The majority further agreed that it is possible for a handcuffed person’s hands to be contaminated by the prior presence of GSR in the backseat of a police vehicle. However, if asked in court how likely it is for a handcuffed person’s hands to be contaminated in the backseat of a police vehicle, most GSR experts would answer, “I don’t know.” Faye Springer offered data from a study of the backseats of law enforcement patrol vehicles in which 40 GSR samples were collected from 20 Sacramento Police Department patrol units as the vehicles were returning from the officers’ shifts. None of the sampled backseats contained PbBaSb or PbBa particles. However, 6 vehicles tested positive for lead particles, and 2 contained one PbSb particle each (Springer 2005).

The Colorado Bureau of Investigation’s study of the backseats of 26 law enforcement patrol vehicles indicated that at least 1 three-component particle was found in 14 of the vehicles. Five of the remaining 12 vehicles had at least 1 two-component particle detected. Only 7 vehicles had no PbBaSb particles detected (Rugh and Crowe 2005).

Debra Kowal also provided data from a three-part study that attempted to determine the occurrence of GSR in the law enforcement environment (Kowal 2005). In the first part of the study, vehicles from half of the Los Angeles County Sheriff’s substations were sampled for GSR in the backseat “cupping area,” a well or cutout in the lower portion of the seat where restrained individuals can rest their hands during transport. Two-component particles were detected on 45 of the 50 analyzed samples. Four of the 45 samples also contained three-component PbBaSb particles. Only 5 of the 50 samples were negative for the presence of GSR particles.

Kowal conducted a second study with respect to the secondary transfer of particles from the backseat of a patrol vehicle to a restrained individual’s hands. A handcuffed person known to have GSR on the hands was placed in the backseat of a patrol vehicle for approximately 10 minutes, followed by a restrained individual known to have hands free of GSR. Sampling of the second person’s hands indicated that 12 three-component and 10 two-component particles were transferred from the seat to the second individual’s previously GSR-free hands.

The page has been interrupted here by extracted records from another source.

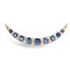 Of traditional design, set with nine graduated oval cushion-cut sapphires, between pairs of old round-cut diamonds, unmarked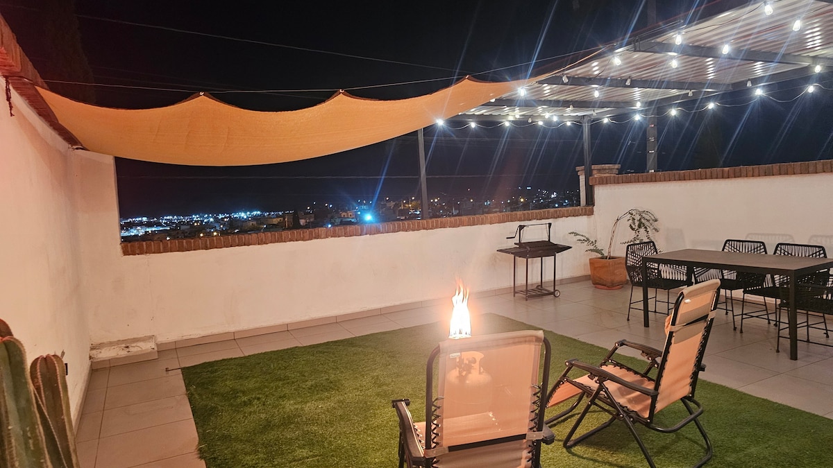 🟡¡Retrocede en el tiempo en este loft 90's de ensueño! Doble altura, diseño noventero que te transportará, cerca del centro histórico de Chihuahua. Amplio patio con alberca / jacuzzi climatizado y burbujeante, asador y fogatero para noches mágicas. Ideal para familias, amigos o parejas (¡sin fiestas!). Pet friendly, ¡tu mascota es bienvenida! Relájate, conéctate, ¡vive la experiencia!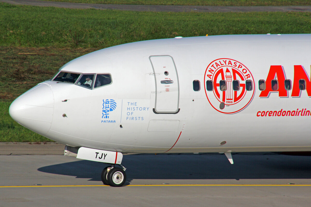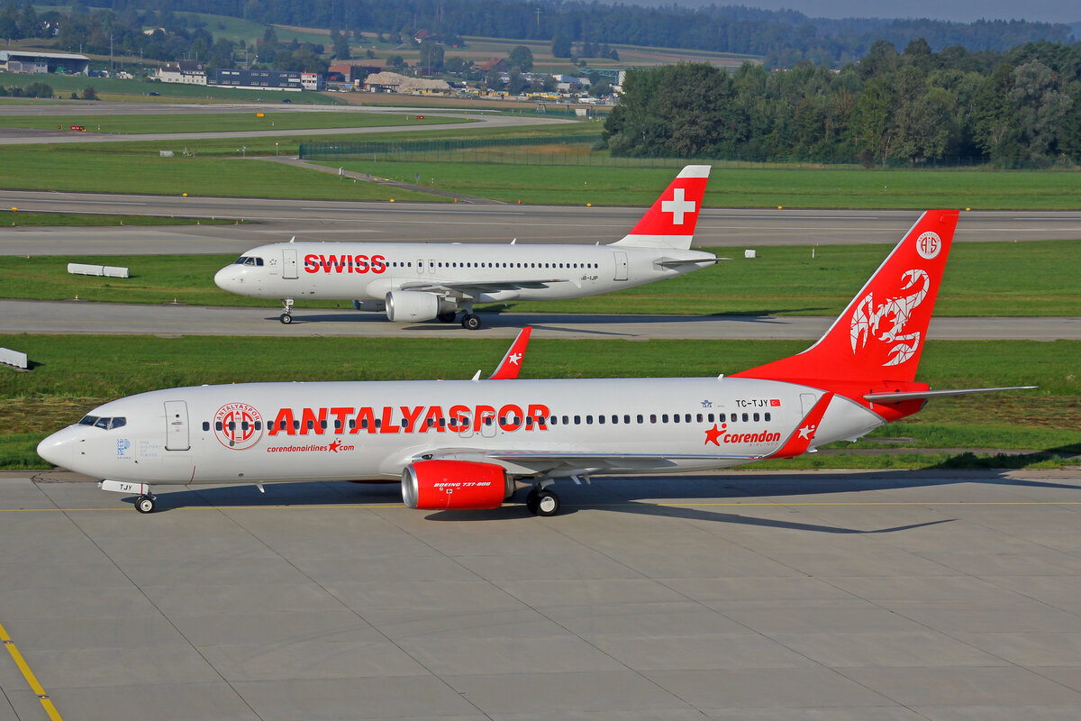 Corendon Airlines, TC-TJY, Boeing 737-8AS, msn: 34991/3780, "Antalya Spor", 04.September 2021, ZRH Zürich, Switzerland.

The third part of the study described the transfer that took place when an individual with “clean” hands was handcuffed by an on-duty officer and placed in the backseat of a patrol vehicle for 10 minutes. Of the 41 samples collected from the hands of the previously “GSR-free” individuals, 20 had an average of 5 two-component particles transferred from the law enforcement environment (on-duty officer and/or patrol vehicle), 17 had no GSR-like particle transfer, and 4 contained PbBaSb particles. In 3 of those 4 cases, the officers had qualified with their service weapons during their shifts. The fourth transfer was noted on an individual who was handcuffed by an officer who had last drawn his firearm in the preceding 30 days.

In summary, the authors of the Kowal study demonstrated in the first part that GSR is in the environment of patrol car backseats. In part two, they demonstrated that transfer of GSR between a vehicle backseat and an individual is possible. And in part three, results indicated that GSR can be transferred from a law enforcement environment to an individual’s hands. However, there are not sufficient data to statistically calculate a rate of transfer.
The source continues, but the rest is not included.